Но через несколько шагов, когда он подошёл ко мне, держа в руке масляную лампу, горящую спокойным золотым светом, оказалось, что это был молодой человек, собой красивый, бритый, гладкий, высокий и с широкими саженными плечами, волосы и верно, очень длинные, когда он повернулся, чтобы поставить лампу на хозяйственный ящик, стоявший здесь, я увидела, что по спине струится перетянутый в нескольких местах светло-русый гладкий хвост, как у хорошей породистой лошади, доходя до самой талии…
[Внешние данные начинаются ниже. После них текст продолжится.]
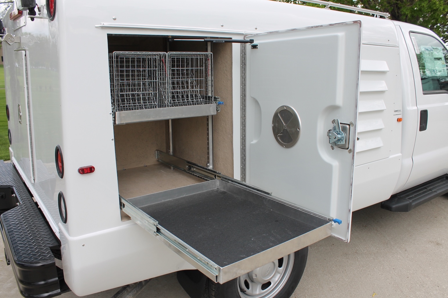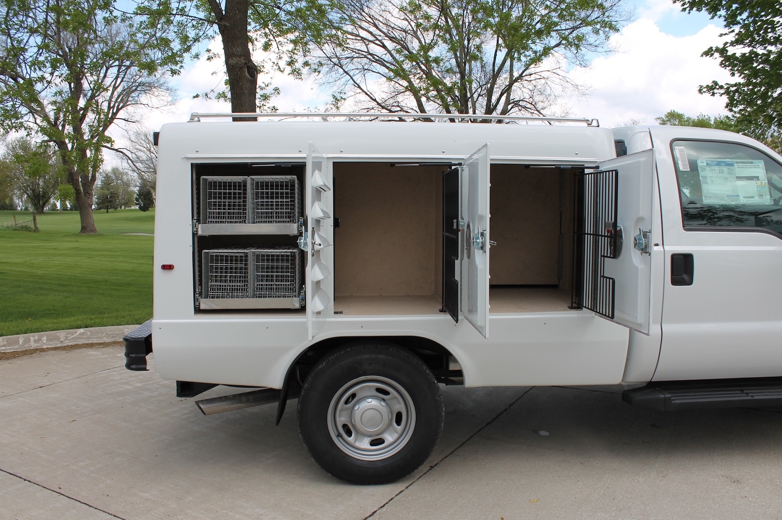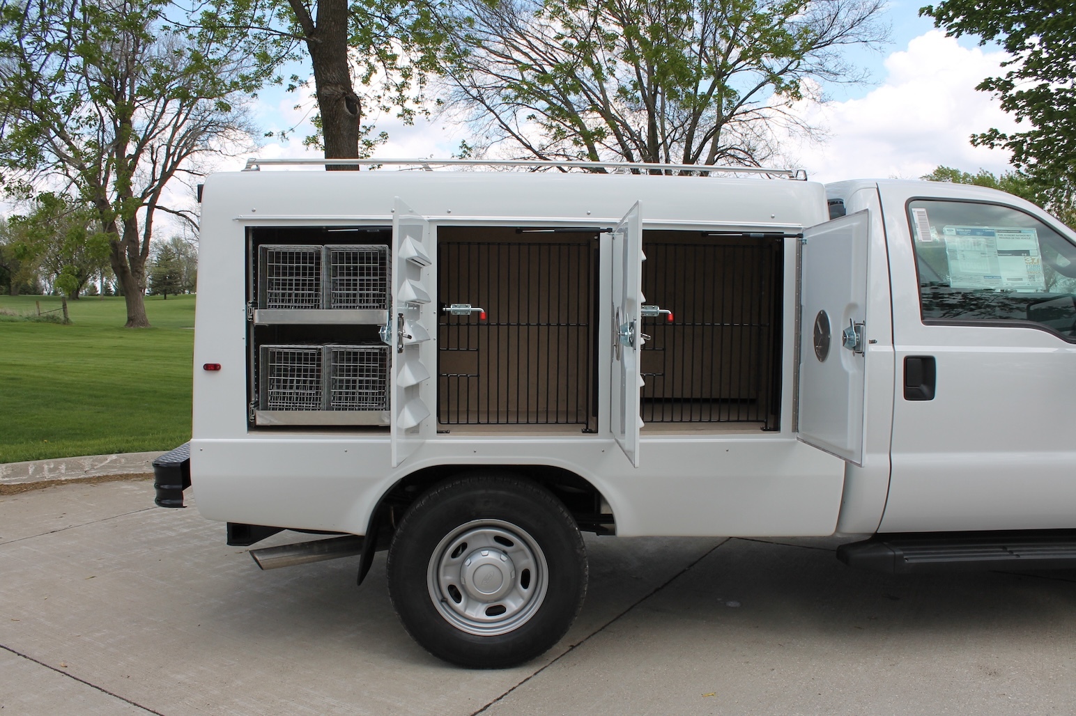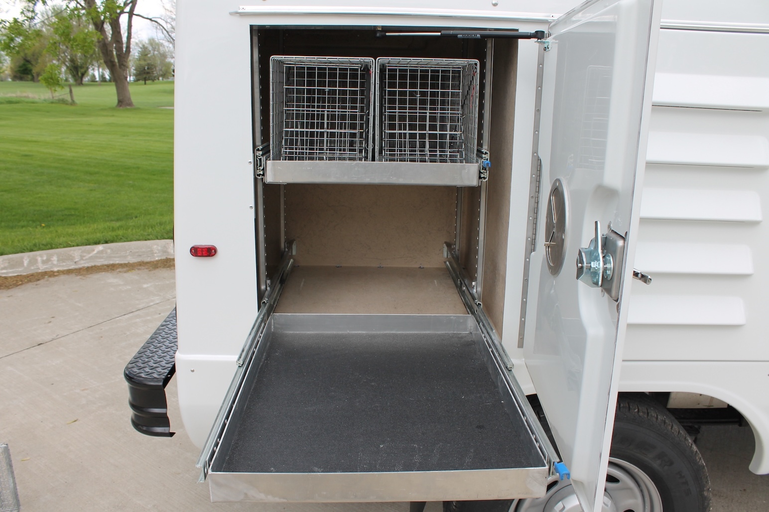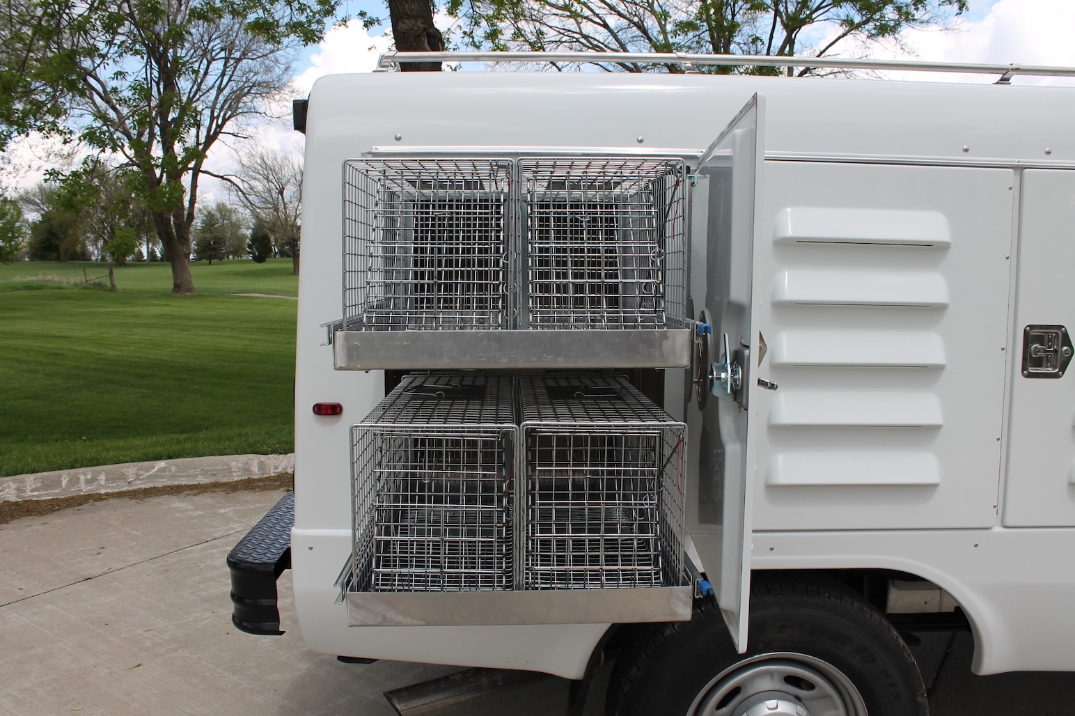 A fiberglass one-piece molded animal transportation unit with (6) six animal compartments. Standard features include a fresh air ventilation system vented to each compartment, a pass-through swing door in the front compartment, bright white LED lighting in each compartment, solid partitions creating 6 individual compartments, sloped floor drainage system, back up alarm, high-low brake lights and flashers, and Ultimate Safety doors with large adjustable louvers.

– Ох и грязный ты, зверёныш!.. Фу… и ободранный весь… хоть не паршивый?.. – брезгливо поморщился красавец, сведя широкие брови к переносице. – Стой, с места не сходи, нагрязнишь мне здесь, убирай после… Никто собакам не отдаст тебя. А вот с хозяевами их пойду, поговорю.

– Спасибо тебе, добрый человек! – радостно воскликнула я, молитвенно прижимая руки к груди, не веря, что вижу такого красивого и ещё доброго человека, пробежав столько вёрст через густой лес и по камням в этой чаще.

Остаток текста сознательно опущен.